1.2 – Succès récents du droit d’auteur

Depuis quelques années, on observe une nouvelle vague en faveur de la protection des œuvres, qui remporte des succès juridiques toujours plus nombreux. Trois faits marquants illustrent ce point.

Le premier bouleversement est la récente évolution du système du Copyright américain, en direction d’une vision beaucoup plus « européenne » du droit d’auteur par les lois américaines : les notions de droit moral et de paternité des œuvres par leur auteur s’imposent peu à peu outre-Atlantique.

On oppose rituellement la tradition du droit d’auteur « continentale », voire « française », que nous avons longuement exposée, à celle du « Copyright », en vigueur dans les pays anglo-saxons. Cette dernière néglige la notion de droit moral, et accorde le bénéfice des droits de propriété intellectuelle non plus à l’auteur des œuvres, mais au commanditaire. On récompense non pas la création, mais le risque industriel. Un tel système, selon certains, expliquerait le succès du cinéma américain, où les « producteurs » ont pu investir en toute confiance des sommes colossales. Bref, le Copyright serait mieux adapté aux conditions modernes de création, où l’auteur génial et isolé ne représente plus qu’une minorité. On pense également à l’industrie des jeux vidéo, du logiciel, ou encore à la création audiovisuelle.

Or, paradoxalement, ce sont les entreprises américaines détentrices de copyrights qui ont compris, dès les années 60, l’intérêt économique d’une meilleure protection des auteurs par la reconnaissance de leurs droits moraux. En effet, l’auteur n’exploite jamais lui-même ses droits : en pratique, il en confie la gestion au producteur. Ce dernier est donc renforcé dans son rôle à chaque fois que les droits qu’il doit défendre prennent de l’ampleur. Aujourd’hui, la législation de nombreux Etats américains a intégré des notions telles que la paternité de l’œuvre ou le droit au respect de l’oeuvre

Cette évolution majeure, qui vient contredire un discours très courant sur la menace que représenterait le système américain du copyright, trouve sa manifestation la plus éclatante dans la ratification par les Etats-Unis de la convention de Berne, en 1989. Depuis lors, il n’est même plus nécessaire à un auteur américain d’effectuer la démarche consistant à faire enregistrer son œuvre au mythique bureau des Copyrights de la Bibliothèque du Congrès à Washington.
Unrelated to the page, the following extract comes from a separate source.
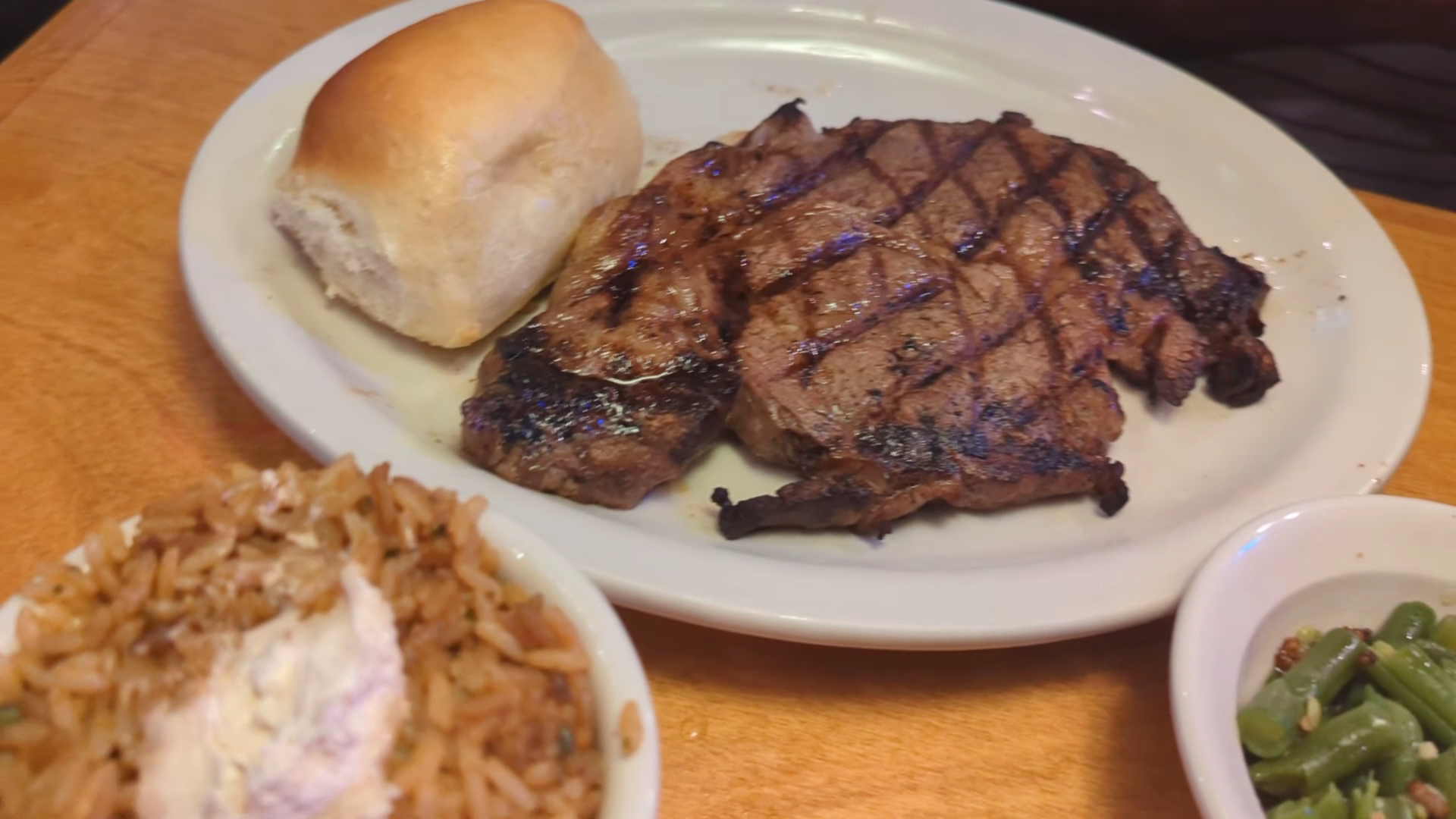 Once seated our server was quick to arrive, take our orders and bring us drinks and rolls. (She was the only positive experience during our visit today.) We had 4 people in our party. One ordered ribs. Three of us ordered steaks- 8 oz filets, one cooked medium well & 2 cooked medium. When our salads arrived I had ordered a Cesar salad and there was no dressing on my salad so I had to search for someone to bring me salad dressing.

Seconde illustration du renforcement des droits d’auteur : l’intégration de ceux-ci au sein des négociations sur le commerce international. Dès les années 80, la dernière négociation du Gatt (Uruguay Round) intégrait les « TRIPS » (Trade-related Intellectual Property rights) à son programme de discussions, et la convention de Berne servait de base à la discussion. Aujourd’hui, dans le cadre de l’OMC (Organisation Mondiale du Commerce, qui a succédé au GATT), le chantier est relancé et de nombreux Etats souhaitent aller encore plus loin. Le droit d’auteur proprement dit n’est pas au centre des débats, et lorsqu’on perle de propriété intellectuelle, on pense surtout à la protection des brevets en matière de médicaments ou de logiciels. Cependant les discussions en cours concernent la propriété intellectuelle et artistique aussi bien que le droit des brevets.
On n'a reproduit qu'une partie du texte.